If you see a torch being carried through Shoreham tomorrow, it isn’t the Olympic flame taking a very late diversion.
It’s to celebrate the 75th anniversary of the Air Training Corps, an institution that has been inspiring pilots of the future for decades.
To mark the anniversary, squadrons from Shoreham and Steyning will join others across the county in the national torch relay.
After being run across the Adur Ferry Bridge, the torch will arrive at the Coronation Green in Shoreham at just after 2.30pm on Friday before going on to the Steyne Gardens war memorial in Worthing.
At the relay, the cadets from the Shoreham, Steyning and Hove squadrons will be doing a demonstration of some of the skills they have learnt.
This will include first aid training, a full band practice and field craft exercises with camoflauge netting on display.
Lionel Barnard, the vice-chairman of West Sussex County Council, will officiate the Shoreham leg of the relay.
Flight Lieutenant Rich Sage is the officer commanding for the 1440 Shoreham squadron.
One of several volunteers that train the cadets, which range in age from 12 to 20, Rich builds websites and mobile applications for a living.
After his own experience as a cadet, Rich wanted to pay something back to the organisation so he became a staff member.

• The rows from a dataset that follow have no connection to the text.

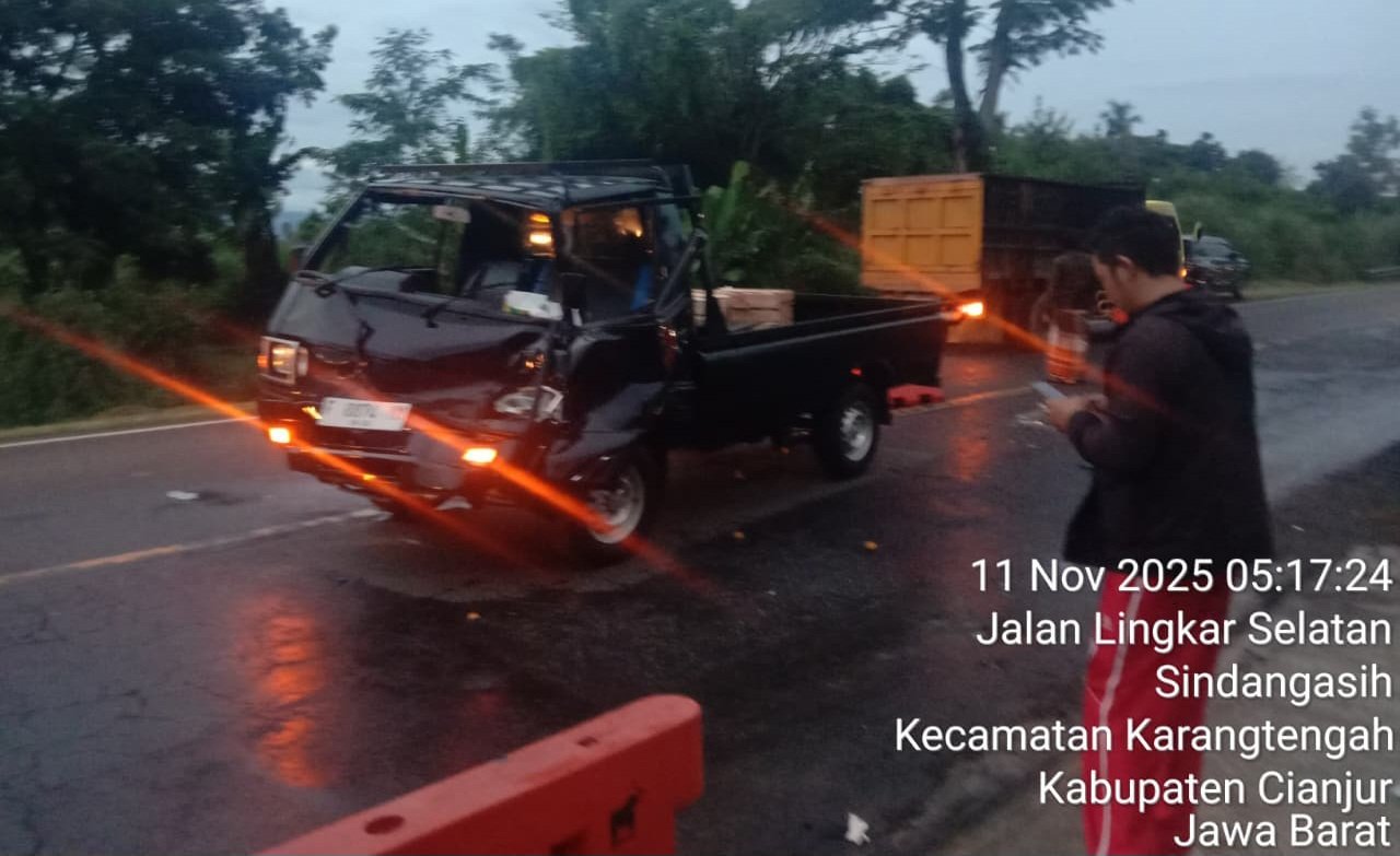 Krimsus86.com – Cianjur, 11 November 2025 — Kecelakaan lalu lintas terjadi di Jalan Raya Veteran No. 67, Desa Salaawi, Kabupaten Cianjur, tepat di depan Gedung RSPA Wicaksana Lagawa Satlantas Polres Cianjur, pada Selasa (11/11/2025) sekitar pukul 04.30 WIB.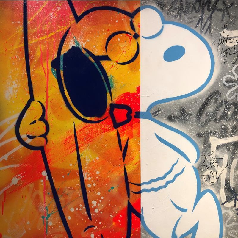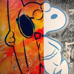 This unique and original contemporary artwork "Snoopy Surf Bi Colors" on the subject of Pop icons has been created by the contemporary artist Kedarone.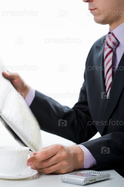 Близкий план мужчины, держащего руку на чашке кофе и читающего газету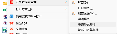 三、 外发邮件申请/审批流程 为加强企业敏感信息外发的安全管控,SWTrans提供了标准化的外发邮件申请与审批流程,在保障业务高效流转的同时,实现对外部邮件发送行为的全过程可管、可控、可审计。 1. 申请阶段 当员工因工作需要向外部邮箱(如客户、合作伙伴等)发送包含敏感内容的邮件时,需通过右键菜单发起“申请外发邮件”。系统自动识别外发行为,并弹出申请窗口,申请人只需在系统中选择收件人等,填写必要的邮件主题、正文内容,即可提交至审批流程。 注:可发送的外部邮箱,需邮管理员预先在SWTrans系统中设置。 整个申请过程简洁直观,无需切换平台或重复输入内容,最大限度降低对日常办公的影响。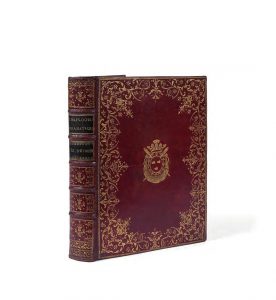 Dauphine. aparis, de l’imprimerie de Grangé, 1773, in-4, maroquin rouge, large dentelle dorée aux petits fers sur les plats, armes dorées frappées au centre, dos à nerfs, orné de fleurons dorés, dent. int. dor., doublés et gardes de soie bleue, tr. dor. (Rel. de l’époque). Edition Originale illustrée de 3 figures, 15 en-têtes et 10 culs-de-lampe dessinés par Eisen et gravés par N. de Launay, Helman, Masquelier, Née et Ponce. Ce volume, le seul paru, contient : Sophonisbe, de Du Ryer, Scévole, de Mairet et Venceslas, de Rotrou. Bel exemplaire dans une riche reliure à dentelles, aux armes de Armand-Thomas Hue de Miromesnil (1723-1796). Il fut d’abord reçu conseiller au Grand Conseil en 1745 et premier président du Parlement de Rouen en 1757. Maurepas, dont il était l’ami, le fit nommer garde des sceaux en 1774. (Olivier pl. 2311). Reliure restaurée. Provenance : ex-libris Henri Béraldi. Ii. N°172 - ex-Musaeo Hans Fürstenberg.

He said: “We’ve got police officers and bus drivers, a whole host of people who come together to give young people their experience.
“It’s rewarding, absolutely. We have cadets from every background you can think of – some with a perfect home life and others that have the complete opposite of that.
“Seeing them come together and take on responsibilities, I love it. That is the real reason I do it.”
He added that some of the cadets go on to join the RAF, while for others it prepares them for civilian life.
The Shoreham squadron began in 1941, the year the Air Training Corps was founded. Today it has 32 cadets.
The Steyning squadron was originally a unit in the Shoreham squadron. It now has 27 members.
Nationally there are 50,000 air cadets and the all-time high was 200,000 in 1942, Rich said.